We are thankful to Reviewer 2 for their acknowledgement of the work we put into this manuscript.
That said, I do have some concerns and questions regarding the realism and validity of the predictions, based on species distribution data outside of the target region (Canada), and on a predicted metaweb based on species interactions from a different continent, which results in predictive algorithms trained on data outside the target region(s). Moreover, the study bases prediction upon prediction in a long pipeline of predictions, are there any risk involved with this in terms of how realistic the networks are? Could you add some reflections about this in the main text.

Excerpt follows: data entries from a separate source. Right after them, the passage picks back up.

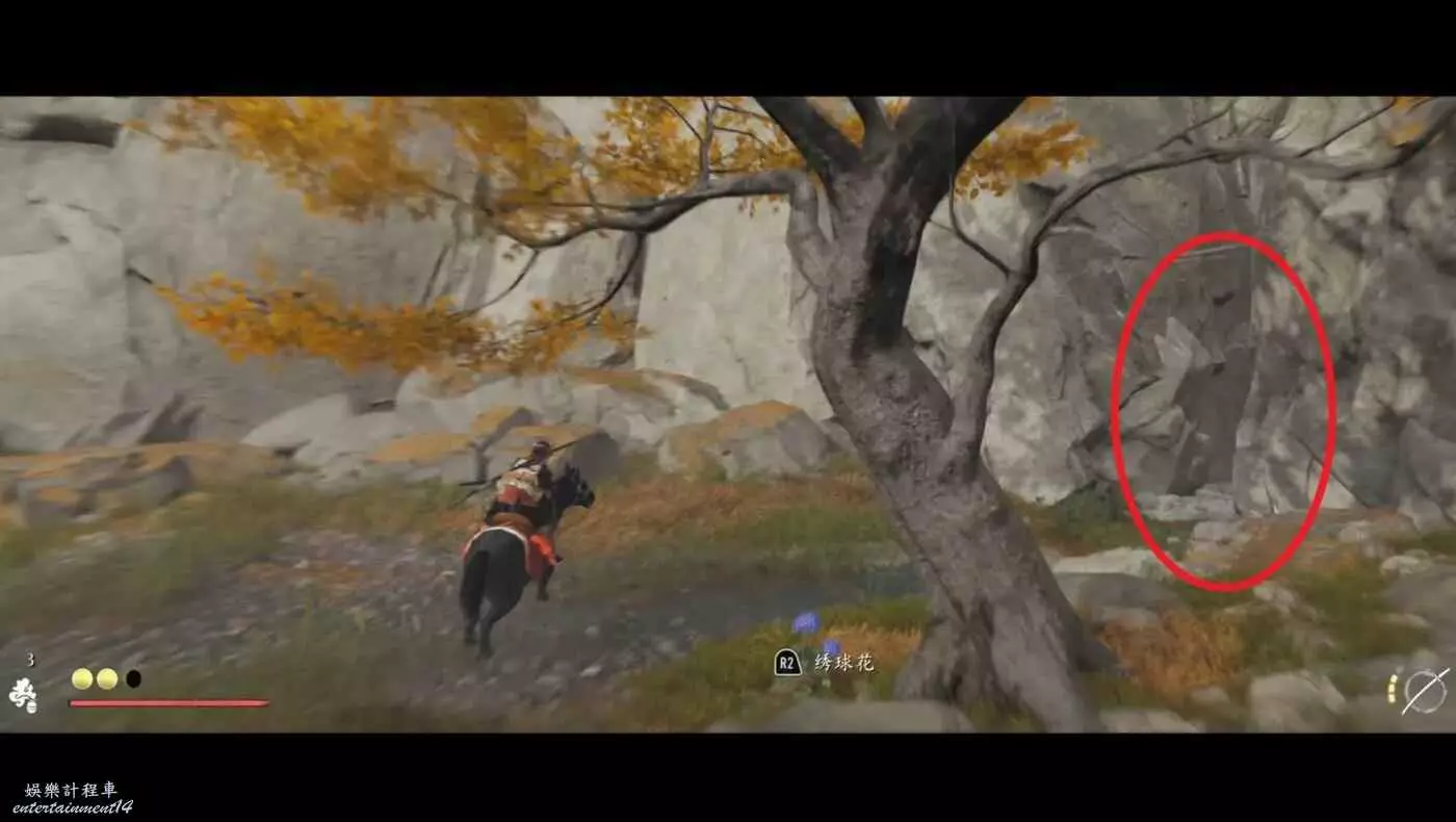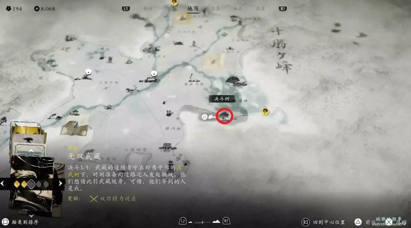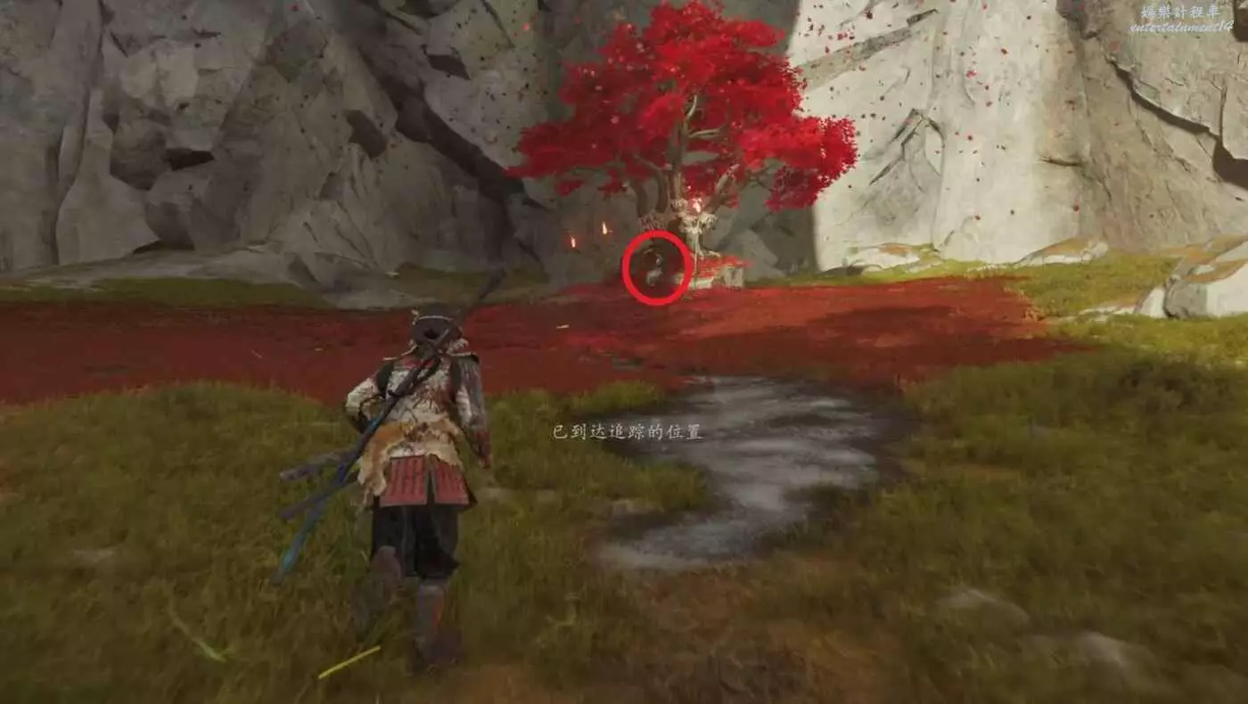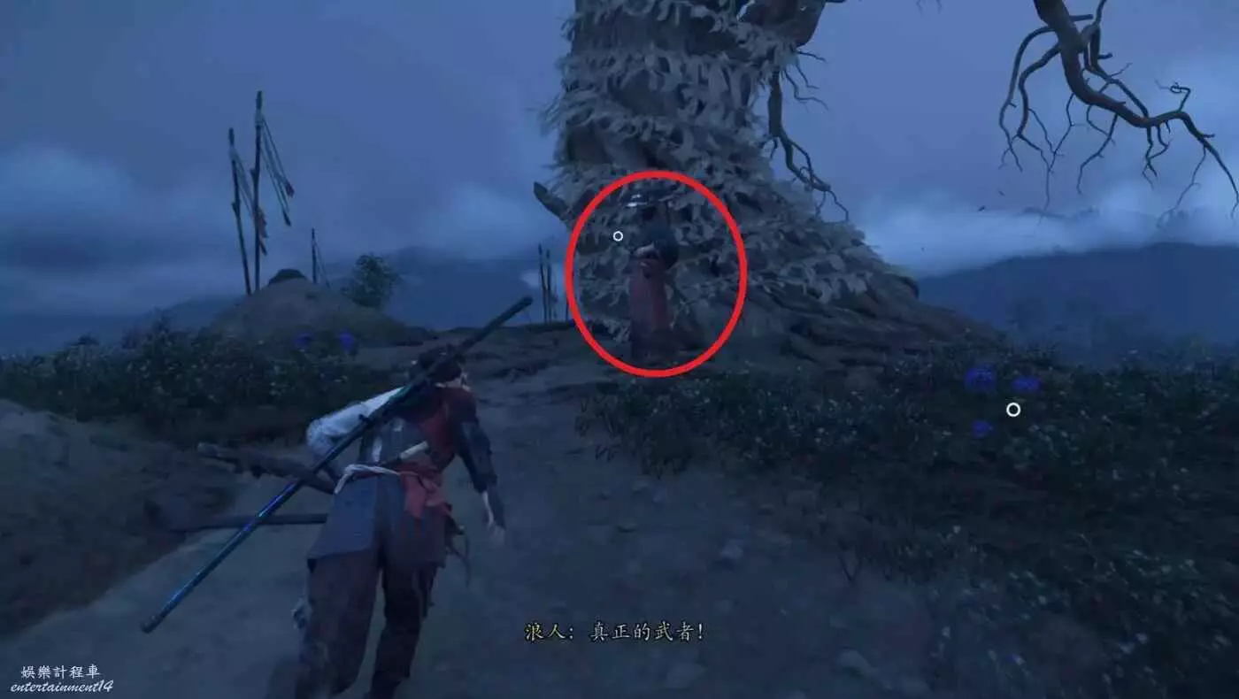 敵人就在樹下等著,靠近觸發戰鬥,將其擊敗獲得【武藏之頑抗護身符】。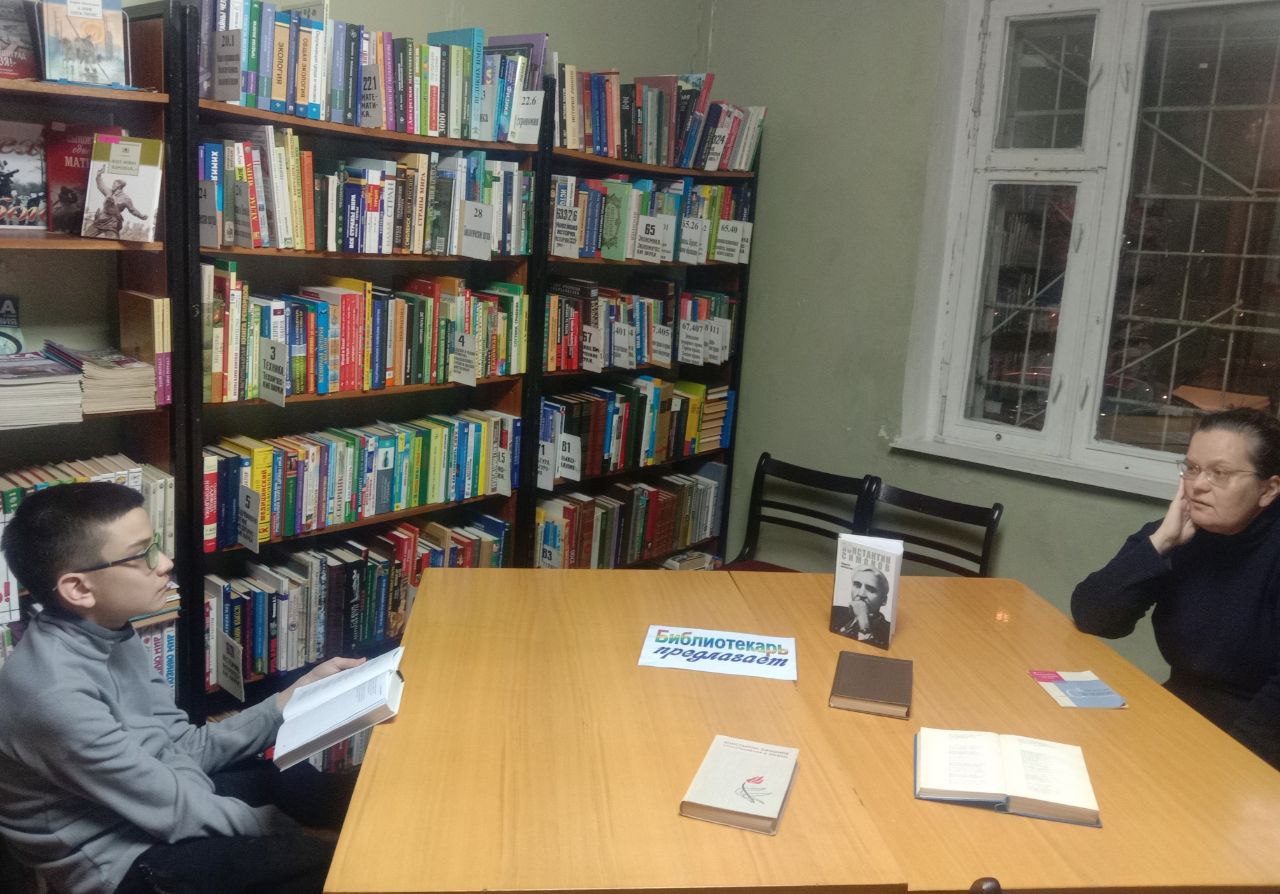 28 ноября 2025 года исполняется 110 лет со дня рождения Константина Михайловича Симонова. Накануне дня рождения в библиотеке состоялся литературный час "От сердца к сердцу", посвящённый поэту, прозаику и публицисту Константину Симонову. На встрече ведущая познакомила присутствующих с жизнью и творчеством писателя. Его жизнь и творчество – явление масштабное, неординарное. Он был писатель неограниченного размаха: поэт, прозаик, публицист, драматург, кинодраматург с мировым именем. Константин Михайлович был выдающимся деятелем советской литературы и культуры. В качестве депутата Верховного Совета СССР и РСФСР, Симонов активно участвовал в международном движении за мир. Он также занимал должность главного редактора таких значимых изданий, как "Литературная газета", и журнал "Новый мир". Из встречи присутствующие узнали, что судьба писателя складывалась непросто. Она преподнесла ему, немало сложных испытаний, но он выдержал их достойным образом и ушёл из жизни бойцом, до конца выполнивший свой гражданский и военный долг.
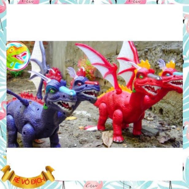 Đồ chơi khủng long rồng có cánh 2 đầu Dinosaur là loại đồ chơi dùng pin có thể vừa di chuyển vừa đập đập cánh và đẻ trứng, phát ra tiếng gầm gru dễ sợ, vảy và sừng của khủng long phát ra ánh sáng với nhiều màu sắc khác nhau rất đẹp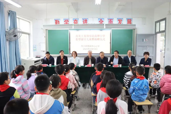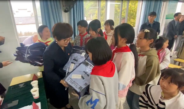 為積極響應(yīng)市關(guān)工委關(guān)心下一代工作的號召,4月13日下午,安徽永峰制衣有限公司總經(jīng)理葉建萍參加了由市關(guān)工委牽頭組織黃山日報社、市婦聯(lián)、休寧縣關(guān)工委等多個部門參加的看望休寧縣南塘小學(xué)留守兒童和捐贈校服活動。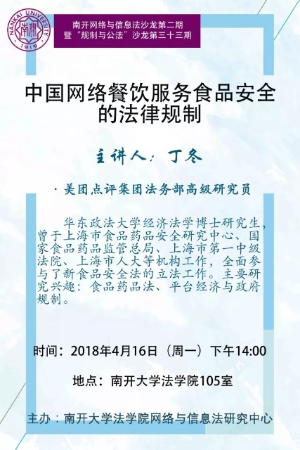 讲座预告:中国网络餐饮服务食品安全的法律规制(2018年4月16日)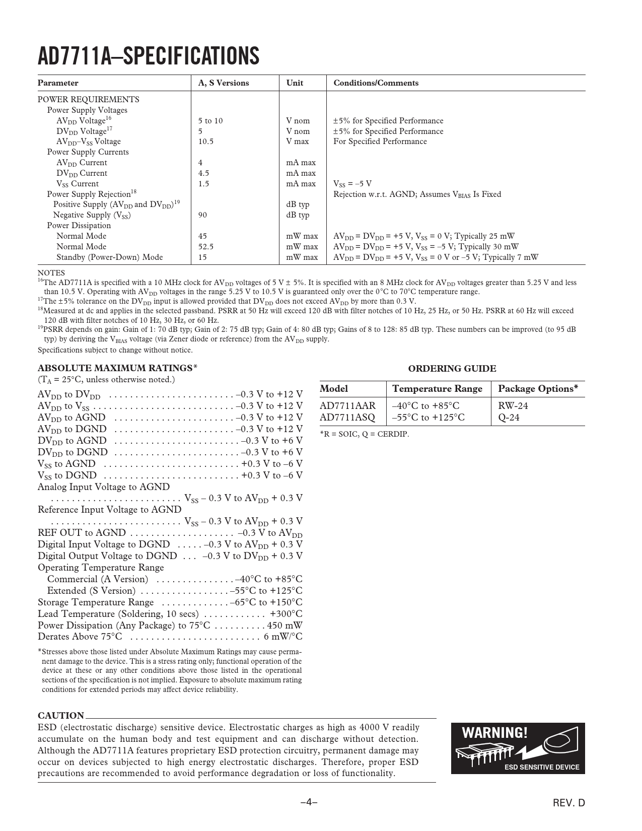 AVDD to DVDD . –0.3 V to +12 V AVDD to VSS . –0.3 V to +12 V AD7711AAR –40rC to +85rC RW-24 AVDD to AGND . –0.3 V to +12 V AD7711ASQ –55rC to +125rC Q-24 AVDD to DGND . –0.3 V to +12 V *R = SOIC, Q = CERDIP. DVDD to AGND . –0.3 V to +6 V DVDD to DGND . –0.3 V to +6 V VSS to AGND . +0.3 V to –6 V VSS to DGND . +0.3 V to –6 V Analog Input Voltage to AGND . VSS – 0.3 V to AVDD + 0.3 V Reference Input Voltage to AGND . VSS – 0.3 V to AVDD + 0.3 V REF OUT to AGND . –0.3 V to AVDD Digital Input Voltage to DGND . –0.3 V to AVDD + 0.3 V Digital Output Voltage to DGND . –0.3 V to DVDD + 0.3 V Operating Temperature Range Commercial (A Version) . –40rC to +85rC Extended (S Version) . –55rC to +125rC Storage Temperature Range . –65rC to +150rC Lead Temperature (Soldering, 10 secs) . +300rC Power Dissipation (Any Package) to 75rC . 450 mW Derates Above 75rC . 6 mW/rC *Stresses above those listed under Absolute Maximum Ratings may cause perma- nent damage to the device. This is a stress rating only; functional operation of the device at these or any other conditions above those listed in the operational sections of the specification is not implied. Exposure to absolute maximum rating conditions for extended periods may affect device reliability.

We would like to point out that the Canadian metaweb was validated when presented by @Strydom2022FooWeb, which we also clarified in the main text (L106-107). The success rate (as measured by accuracy) was 91% for interactions recorded in the Global Biotic Interactions (GloBI) database and of 92% for interactions documented in Newfoundland by Strong and Leroux (2014). These success rates are extremely high given that only 4% of species are shared with Europe. We also evaluated the performance of our SDMs, which was very high for all species (available on GitHub). Given these, we believe our predictions will be realistic enough, especially as we now further focused on potential distributions following Reviewer 1's suggestions. Our intent is to represent potential networks and potential variation in space as a first methodological step, which we achieve here in an explicit way as we use and report probabilistic values throughout. Nevertheless (as we describe in response to a future comment), we have added a paragraph in the discussion to outline a concrete series of recommendations about validation.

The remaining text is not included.